EXERCISE INPUT:
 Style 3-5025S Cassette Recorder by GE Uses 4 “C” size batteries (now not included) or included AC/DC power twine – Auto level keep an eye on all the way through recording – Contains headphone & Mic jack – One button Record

...

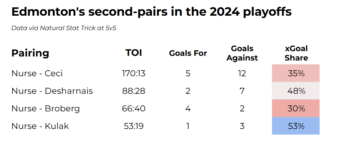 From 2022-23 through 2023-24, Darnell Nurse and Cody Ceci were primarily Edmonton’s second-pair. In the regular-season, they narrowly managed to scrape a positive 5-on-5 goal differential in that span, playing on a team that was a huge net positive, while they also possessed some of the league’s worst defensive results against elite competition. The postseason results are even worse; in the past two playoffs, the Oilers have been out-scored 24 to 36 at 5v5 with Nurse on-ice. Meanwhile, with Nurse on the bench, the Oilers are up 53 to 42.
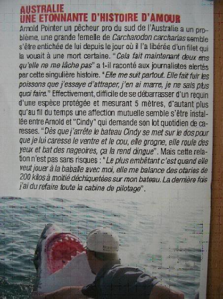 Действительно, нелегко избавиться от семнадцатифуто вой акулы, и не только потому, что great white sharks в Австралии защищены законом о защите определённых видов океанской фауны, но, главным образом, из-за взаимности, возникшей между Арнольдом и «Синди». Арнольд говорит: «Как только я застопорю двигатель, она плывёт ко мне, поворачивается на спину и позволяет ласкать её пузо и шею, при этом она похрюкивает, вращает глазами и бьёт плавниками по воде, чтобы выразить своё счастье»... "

==

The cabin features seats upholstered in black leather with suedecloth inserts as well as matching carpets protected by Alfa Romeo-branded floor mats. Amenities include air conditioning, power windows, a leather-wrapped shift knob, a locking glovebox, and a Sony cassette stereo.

WHAT IS NEEDED:
Leaving pictures out, output the lines of the data above from the one with "From 2022-23 through" through the one with "Действительно, нелегко избавиться", word for word.

ANSWER SECTION:
 From 2022-23 through 2023-24, Darnell Nurse and Cody Ceci were primarily Edmonton’s second-pair. In the regular-season, they narrowly managed to scrape a positive 5-on-5 goal differential in that span, playing on a team that was a huge net positive, while they also possessed some of the league’s worst defensive results against elite competition. The postseason results are even worse; in the past two playoffs, the Oilers have been out-scored 24 to 36 at 5v5 with Nurse on-ice. Meanwhile, with Nurse on the bench, the Oilers are up 53 to 42.
 Действительно, нелегко избавиться от семнадцатифуто вой акулы, и не только потому, что great white sharks в Австралии защищены законом о защите определённых видов океанской фауны, но, главным образом, из-за взаимности, возникшей между Арнольдом и «Синди». Арнольд говорит: «Как только я застопорю двигатель, она плывёт ко мне, поворачивается на спину и позволяет ласкать её пузо и шею, при этом она похрюкивает, вращает глазами и бьёт плавниками по воде, чтобы выразить своё счастье»... "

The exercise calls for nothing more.